Introduction

Venous thromboembolism (VTE) is the third most common cardiovascular disease, with an incidence rate of 1–2 per 1000 patient years [1, 2]. After a first event, the 5-years cumulative risk of recurrent VTE is estimated to be 25 %, with a case-fatality rate of 11 % [3, 4]. Treatment with anticoagulants is highly effective in reducing the risk of recurrent VTE [5, 6], but this comes at the cost of an increased risk of major bleeding events [7]. Understanding of the mechanism of recurrent VTE and identification of patients at high risk of recurrences are therefore the essential step in determining the optimal duration of treatment. They requires understanding of factors contributing to the recurrence of VTE, such as clinical variables and laboratory markers.

Microparticle expressing tissue factor (MP-TF) has recently been proposed as a potential key player in the development of VTE [8]. Tissue factor is the main initiator of the coagulation cascade and MP-TFs are shed into the circulation by cells (mainly platelets and to a lower extent monocytes) during activation or apoptosis. The influence of MP-TF and MP-TF activity on the occurrence of VTE has mainly been studied in animal models [912]. So far, only two small clinical studies analyzed the association between MP-TF or MP-TF activity and the risk of a first or recurrent VTE [13, 14]. Therefore, the primary aim of our study was to assess the association between MP-TF activity and the risk of recurrent VTE.

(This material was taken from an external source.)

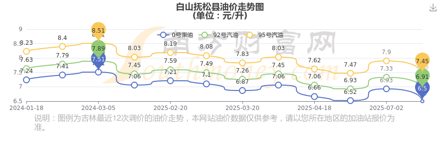 白山撫松縣汽油、柴油11月15日每升最新價格為:92號汽油為6.91元;95號汽油為7.45元;0號柴油為6.5元,調(diào)整時間為11月11日。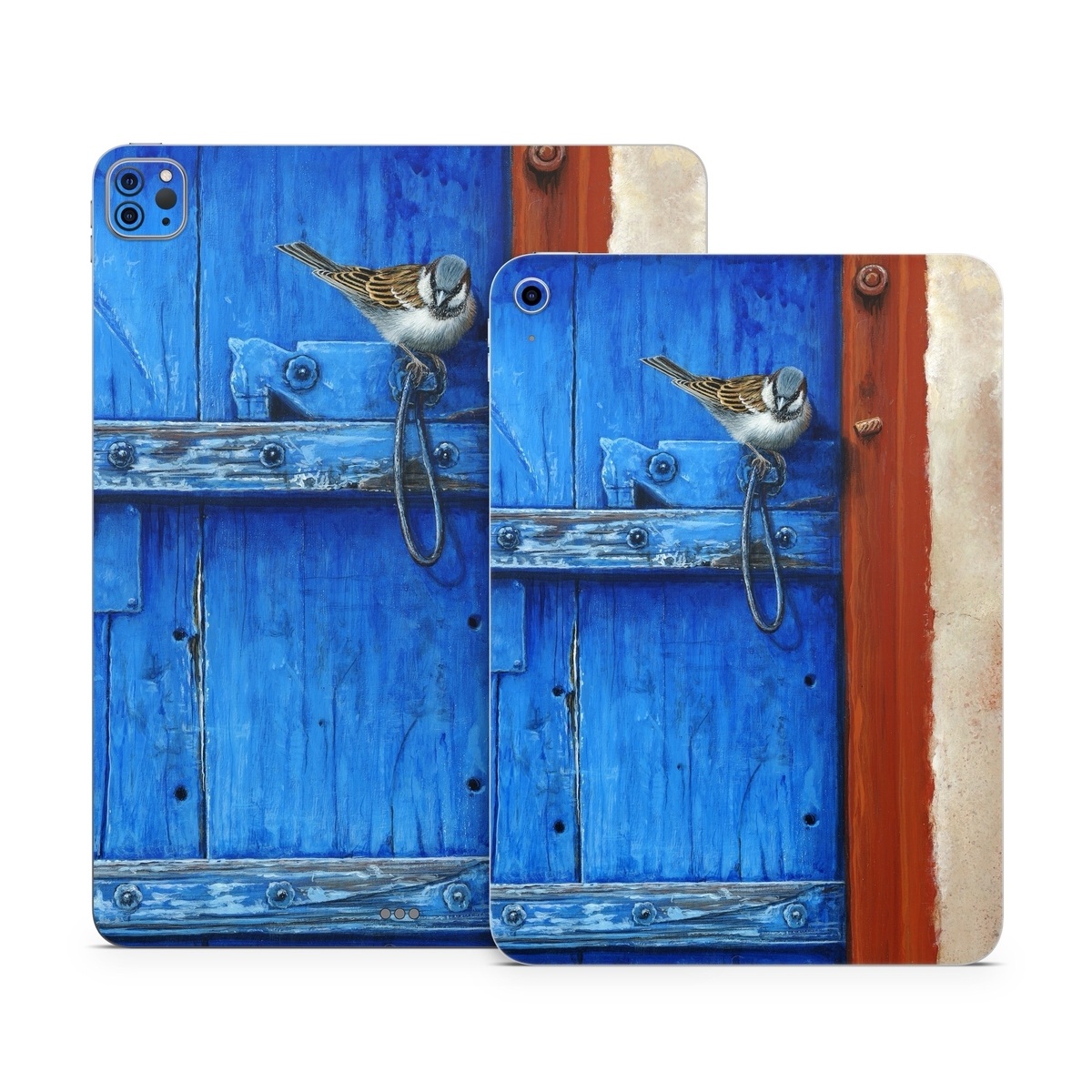 iStyles Apple iPad Series Skin design of Blue, Wood, Door handle, Door, Wall, Door knocker, Electric blue, Still life photography, Window, Handle, with red, blue, brown colors, and tagged with animals, fineart, animal, bird, birds, fineart, outdoors.

Additionally, several studies have been performed on the association between FVIII activity (FVIII:C) (another potential key player in the development of VTE) and recurrent VTE, but they yielded contradictory results [1520]. As FVIII:C was measured in our study population for other purposes, we were also interested in studying the association between FVIII:C and recurrent VTE.

Methods

We performed a post hoc analysis using data of patients included in a cohort study that aimed to evaluate the incidence of chronic thromboembolic pulmonary hypertension (CTEPH) after a diagnosis of acute pulmonary embolism (PE). Details of this cohort study have been described in detail previously [21, 22]. In brief, patients diagnosed with acute PE between 2001 and 2007 in an academic and its affiliated teaching hospital (i.e. Leiden University Medical Center, Medical Center Haaglanden, both the Netherlands) were asked to participate in a CTEPH screening program. The CTEPH screening program was executed between July 2007 and January 2009. The diagnosis of acute PE was confirmed by detection of an intraluminal filling defect on pulmonary angiography or computed tomography pulmonary angiography, a high probability ventilation perfusion scintigraphy (VQ-scan), or an intermediate probability VQ-scan in combination with deep vein thrombosis diagnosed by ultrasonography. Patients were excluded if they had known CTEPH or pulmonary hypertension of other etiology at time of screening, if they were geographic inaccessible (living outside the Netherlands), if they were unavailable for objective testing, or recently had undergone echocardiography ruling out pulmonary hypertension. For this post hoc analysis, we included all study patients from the original study cohort except for those without available lab samples.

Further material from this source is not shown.